Still, I think I'd try a reset as Linda suggested -- while it's NOT on the charger.  And then, another time, try it again and see what you notice.

Also, and I don't know why this would be the case but you never can tell with 'puters and things, it might make a difference whether you're charging from the wall or through a computer.  If through a computer, it's possible the port isn't able to provide quite the current/voltage/wattage/whatever and by trying to use it at the same time it's glitching.


----------



## Jimblob (Jan 15, 2013)

Ann in Arlington said:


> Hey, Jim,
> 
> It's not something I've noticed, but, then, I've not tried to read while it's charging. I have a back up kindle if it comes to that. But, honestly, I don't usually have to charge it during the day. If it seems like it's close, I'll plug it in while I sleep. Or, like, right now, I noticed this morning that it was low -- I'd noticed last night but didn't feel like getting up to put it on the charger when I was done reading. So I've got it plugged in now, while I'm doing computer stuff.
> 
> ...


Hi, thanks, I`ll give them ideas a go. Glad its sorted for now anyway. Had a day off today so have been laid in bed all day reading, lol


----------



## Morf (Nov 18, 2010)

I regularly read on my PW while it's charging, and I've not had any problem like this.
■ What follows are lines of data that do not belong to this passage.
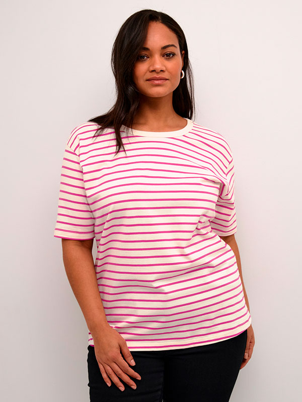 Denne råhvide T-skjorten fra Kaffe Curve er et must i enhver garderobe! Med sitt livlige rosa stripemønster tilbyr den en frisk vri på en klassisk stil. Laget av 100% bomull, garanterer den både komfort og pusteevne gjennom hele dagen, perfekt for både hverdagsbruk og spesielle anledninger.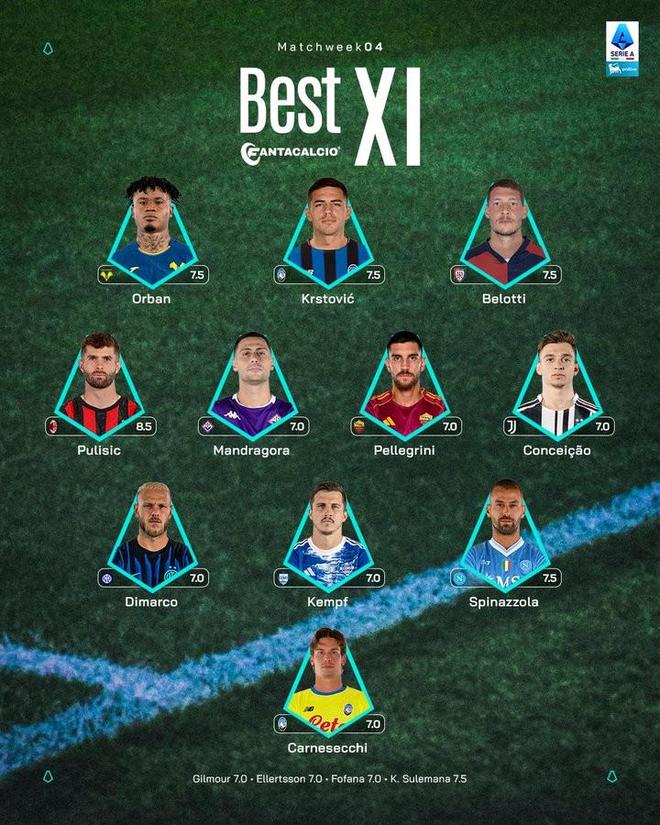 意甲第4輪最佳陣容:普利希奇、小孔塞桑、迪馬爾科入選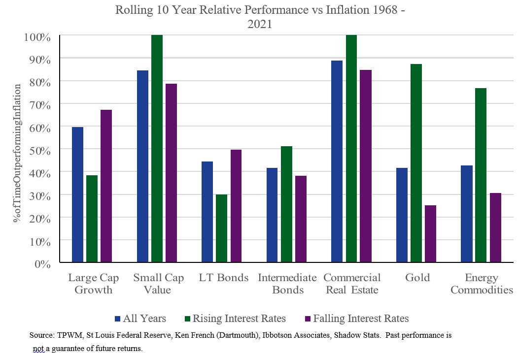 This chart has driven most of the asset allocations decisions we’ve made over the last two quarters with the green bars representing the percentage of time various asset classes outperform inflation. That is, shifting your portfolios toward smaller cap value stocks, reducing the duration (interest rate sensitivity) of the fixed income portion of your portfolio, and adding to positions in commodity related securities and real estate. All these changes are in an effort to increase the probability that your portfolios will outperform inflation and protect your purchasing power.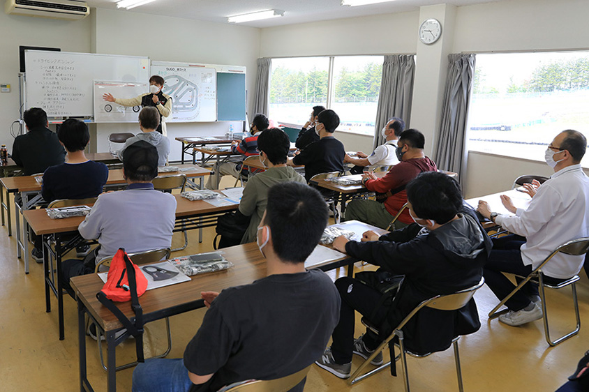 座学のインストラクターは、フォーミュラトヨタのチャンピオンでトヨタドライビングスクールや小林可夢偉選手、中嶋一貴選手を輩出した、FTRS(フォーミュラトヨタレーシングスクール)の講師を務めていた藤田孝博さん。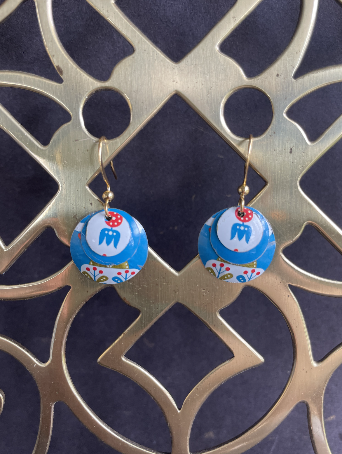 Tins are very light making them ideal for earrings as they don't weigh down your ears as the day goes on. Did you know the proper term for working with tin is "tinkering"? That made me really happy. I literally tinker in my art studio! I use old cookie tins, tea tins, and the like, break them down, and hand cut them into shapes and hand-hammer them into the 3-D shape I want them to be, finish and polish them, before putting them together like any other jewelry.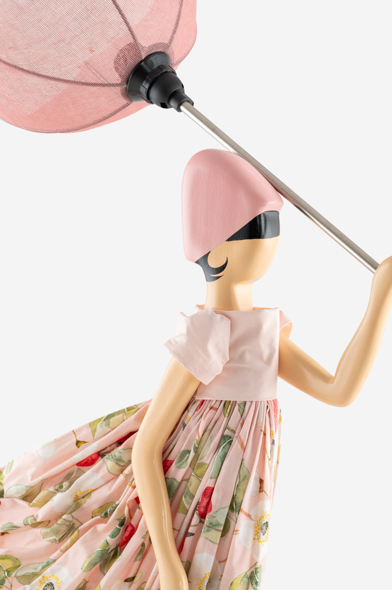 Ein Traum in Rosé und Erdbeerrot: Das ist Skitso Girl Lamp Roula. Roula trägt zartesommerliche Kleidung mit Erdbeerpflanzenprint in Weiß und Rosa und einen hellrosa Regenschirm. Ein besonderer Akzent sind die rosaroten Stiefel. Diese schöne Lampe verbreitet sommerlich-romantisches Flair.

Are you charging from a wall socket?

It sounds to me like it may be related to static, possibly to do with earthing.

It would be interesting to try charging from a number of different sources and see if it's always a problem, and if not we could pin down when it happens...

Can you try it in a different wall socket? Can you try a different charger? Can you try it from a PC? Maybe even can you try it in somebody else's house?

Maybe you're just on the wrong side of the Pennines!


----------



## Ann in Arlington (Oct 27, 2008)

Morf said:


> Maybe you're just on the wrong side of the Pennines!


Yeah. . . I'd have suggested that it's caused by the space-time rift but you're nowhere near Cardiff!


----------



## Morf (Nov 18, 2010)

No, this is definitely a War of the Roses issue...


----------



## Jimblob (Jan 15, 2013)

Morf said:


> I regularly read on my PW while it's charging, and I've not had any problem like this.
> 
> Are you charging from a wall socket?
> 
> ...


Hi. I have one of them extension leads that has a USB port on it along with the usual plug sockets. It was just using the USB rather than the plug as I had been charging something else at the time with the plug bit, lol.

I've plugged it in to the actual plug and it seems ok again. Pages turning as they should etc.

I've just put it down to the USB and me being useless.

Guess I just started panicking when it happened without actually bothering to think of any solutions. Can't be doing without my Kindle 

Cheers
Jim


----------



## Betsy the Quilter (Oct 27, 2008)

Jimblob said:


> Guess I just started panicking when it happened without actually bothering to think of any solutions. Can't be doing without my Kindle
> 
> Cheers
> Jim


We certainly understand that here. 

Betsy


----------